Gallup Burrito Project marks second birthday with community support
Raj Patel’s Redwood Lodge was honored as the Gallup Burrito Project marked two years of handing out food, water and showers to people living outside in Gallup.

Raj Patel’s Redwood Lodge was singled out at the Gallup Burrito Project’s second-birthday celebration in Gallup for offering something many unhoused residents rarely get: a place to shower. The recognition came during a June 13 gathering that marked two years of the project’s direct outreach to people experiencing homelessness in McKinley County.

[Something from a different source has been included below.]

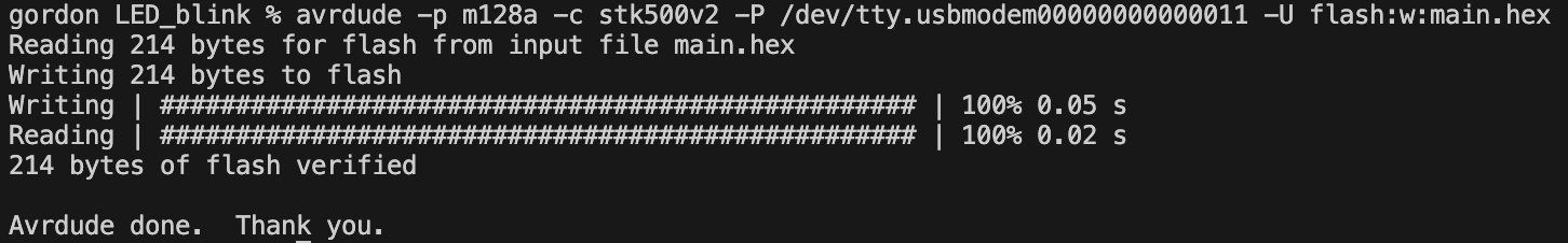 avrdude -p m128a -c stk500v2 -P /dev/tty.usbmodem00000000000011 -U flash:w:main.hex

The celebration doubled as a workday. Endless Riders members Crockett and Hammer joined Burrito Project volunteers and helped provide food, water and other assistance to people living outside in Gallup. That made the anniversary less a ceremonial milestone than a public showing of the network that now surrounds the effort, with volunteers and local supporters doing the hands-on work that keeps it moving.
Patel, who owns the Redwood Lodge, received a plaque for what the project described as his kindness and dedication to serving the unhoused. His motel has opened rooms so people attending Burrito Project outreach events can use shower facilities. For someone sleeping outdoors or moving from place to place, that kind of access can mean more than comfort. It can mean being able to wash up before an appointment, regroup after a hard night, and take care of basic hygiene that is often out of reach.

The Burrito Project’s second birthday also underscored how much Gallup’s informal safety net depends on private businesses and volunteer labor. Food and water are the most visible pieces, but the work extends to the practical needs that formal systems do not always cover. A shower, a drink of water and a meal handed over by people who show up week after week can make the difference between getting through the day and falling further behind.
The celebration showed a community-built response that has become part of the city’s daily reality over the past two years. In Gallup, the effort now runs on a simple but durable arrangement: volunteers, business owners and community groups filling gaps for neighbors who are living without steady shelter.